Clinical Investigation and Reports

Occurrence and Prognostic Significance of Ventricular Arrhythmia Is Related to Pulmonary Function

A Study From "Men Born in 1914," Malmö, Sweden

Gunnar Engström, MD, PhD; Per Wollmer, MD, PhD; Bo Hedblad, MD, PhD; Steen Juul-Möller, MD, PhD; Sven Valind, MD, PhD; Lars Janzon, MD, PhD

From the Departments of Community Medicine (G.E., B.H., L.J.), Clinical Physiology (P.W., S.V.), and Cardiology (S.J.-M.), Malmö University Hospital, Malmö, Sweden.

Correspondence to Dr. Gunnar Engström, Department of Community Medicine, Malmö University Hospital, S-20502 Malmö, Sweden. E-mail Gunnar.Engstrom{at}smi.mas.lu.se

Background—Reduced lung function has been associated with increased rates of myocardial infarction. Whether the occurrence and prognostic significance of ventricular arrhythmia is related to lung function is largely unknown.
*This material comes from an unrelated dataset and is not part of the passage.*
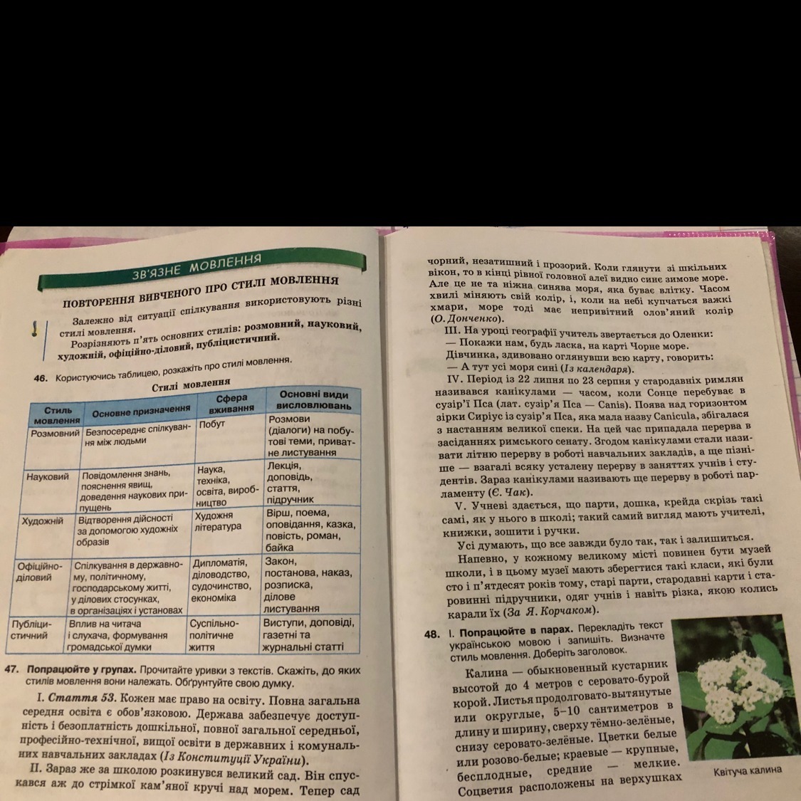 1. Офіційно-діловий. Починається зі "стаття 53" і уривок взято з Конституції, тобто, цей уривок - закон.

Methods and Results—We performed a population-based study of 68-year-old men without a history of stroke or myocardial infarction; 402 men participated. Mortality and coronary events (fatal or nonfatal) were studied in relation to ventricular arrhythmia during 24 hours, percentage of the predicted forced expiratory volume (FEV1%pred), vital capacity (VC%pred), and the FEV/VC ratio. During 14 years of follow-up, 181 men died and 87 experienced a coronary event. Occurrence of frequent or complex ventricular arrhythmia (Lown class 2 to 5) was significantly and inversely associated with FEV1%pred. Men with Lown class 2 to 5 and a low FEV1%pred (below median) had significantly higher mortality (71.5 versus 26.8 per 1000 person-years; P<0.0001) and coronary event rates (37.7 versus 18.0; P=0.02) than men with Lown class 2 to 5 and a high FEV1%pred. These associations remained significant after adjustments for potential confounders (mortality: relative risk [RR], 2.91; 95% CI,1.68 to 5.04; coronary events: RR, 2.16; 95% CI, 1.07 to 4.37). In men without frequent or complex arrhythmia (Lown 0 to 1), a low FEV1%pred was not significantly associated with mortality (RR, 1.37; 95% CI, 0.92 to 2.05) or coronary events (RR, 1.24; 95% CI, 0.67 to 2.27) after adjustments for confounders. The FEV/VC ratio showed similar associations with arrhythmia, mortality, and coronary events.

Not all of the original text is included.